▸ **Records to process**
============
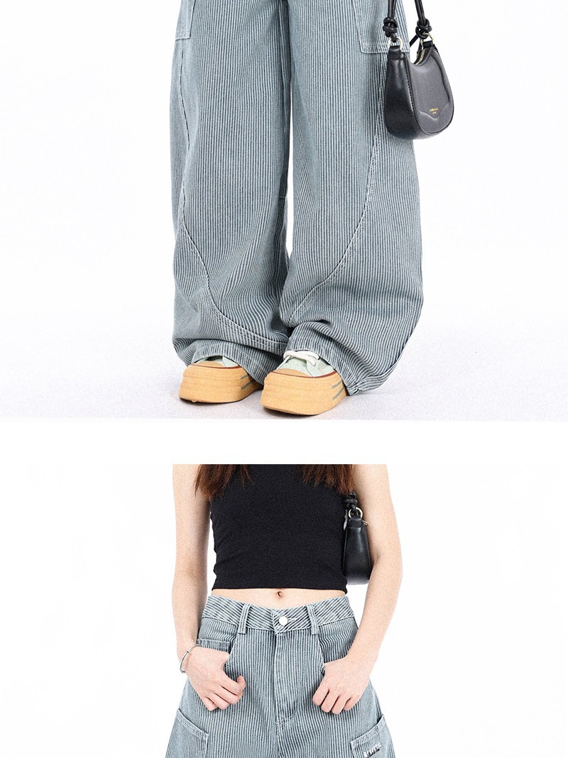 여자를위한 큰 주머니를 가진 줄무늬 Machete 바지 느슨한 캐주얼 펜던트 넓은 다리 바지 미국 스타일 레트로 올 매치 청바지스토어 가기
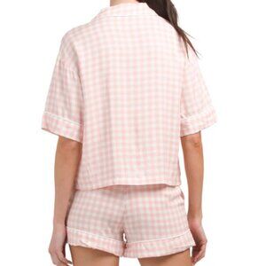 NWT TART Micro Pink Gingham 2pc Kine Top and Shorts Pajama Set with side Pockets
============
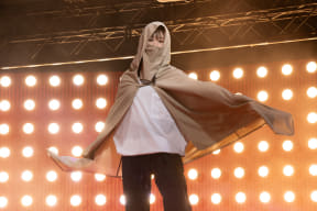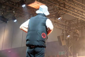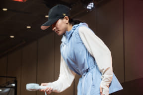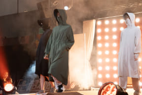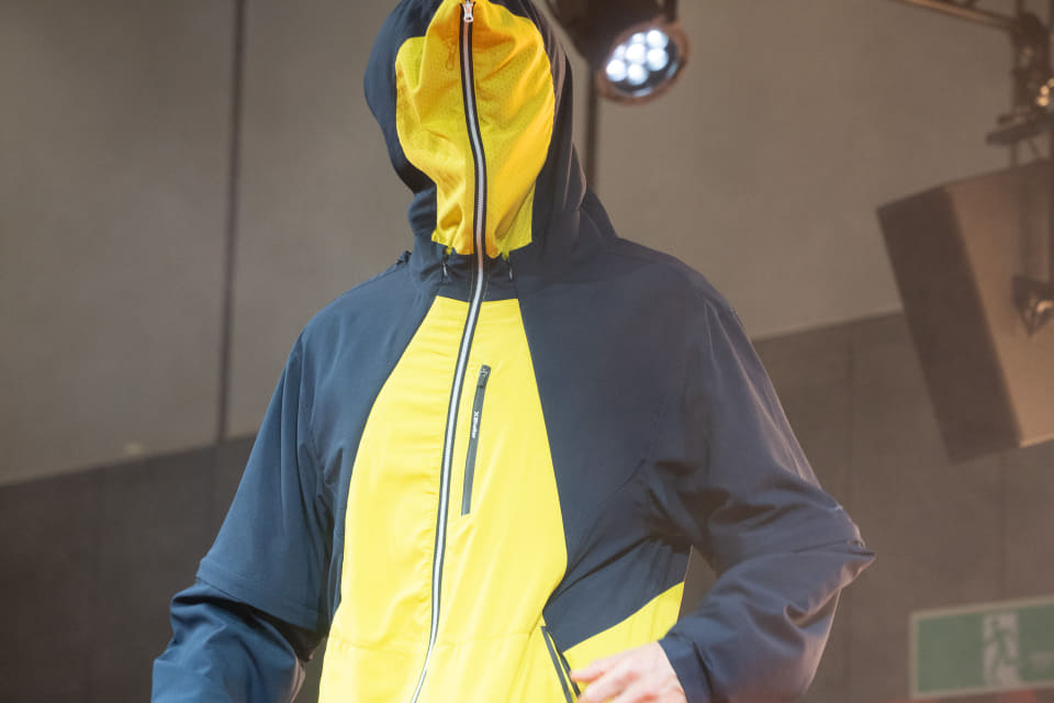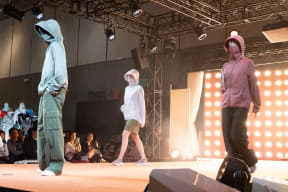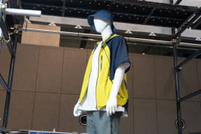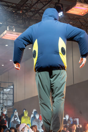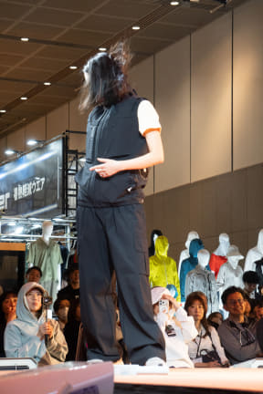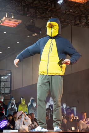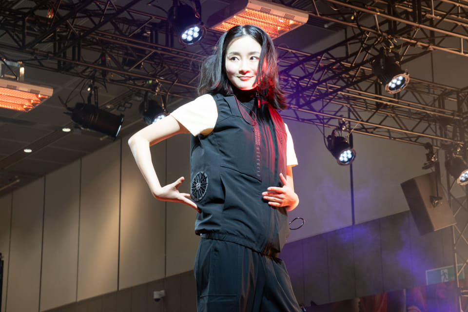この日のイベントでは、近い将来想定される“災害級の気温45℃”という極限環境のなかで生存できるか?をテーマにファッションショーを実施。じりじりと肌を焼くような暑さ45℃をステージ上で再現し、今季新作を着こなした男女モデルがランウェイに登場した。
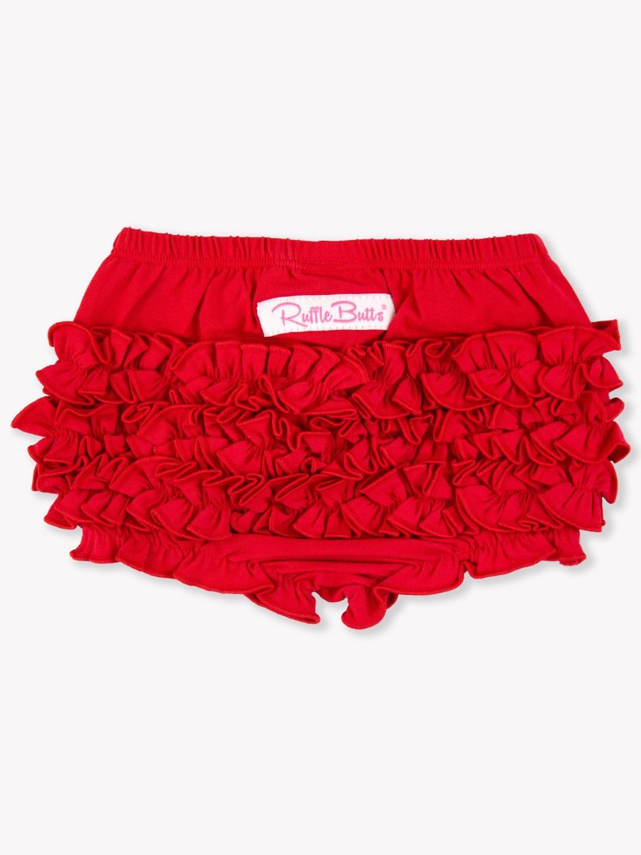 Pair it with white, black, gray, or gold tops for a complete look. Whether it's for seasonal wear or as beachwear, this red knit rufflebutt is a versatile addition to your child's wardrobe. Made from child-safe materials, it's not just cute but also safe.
============
▸ **Directions for this task**
Nothing but the lines from the one with "この日のイベントでは、近い将" up to and including the one with "Pair it with" should be printed, exactly as they read above. Please keep the pictures out.

▸ **Task solution**
この日のイベントでは、近い将来想定される“災害級の気温45℃”という極限環境のなかで生存できるか?をテーマにファッションショーを実施。じりじりと肌を焼くような暑さ45℃をステージ上で再現し、今季新作を着こなした男女モデルがランウェイに登場した。
 Pair it with white, black, gray, or gold tops for a complete look. Whether it's for seasonal wear or as beachwear, this red knit rufflebutt is a versatile addition to your child's wardrobe. Made from child-safe materials, it's not just cute but also safe.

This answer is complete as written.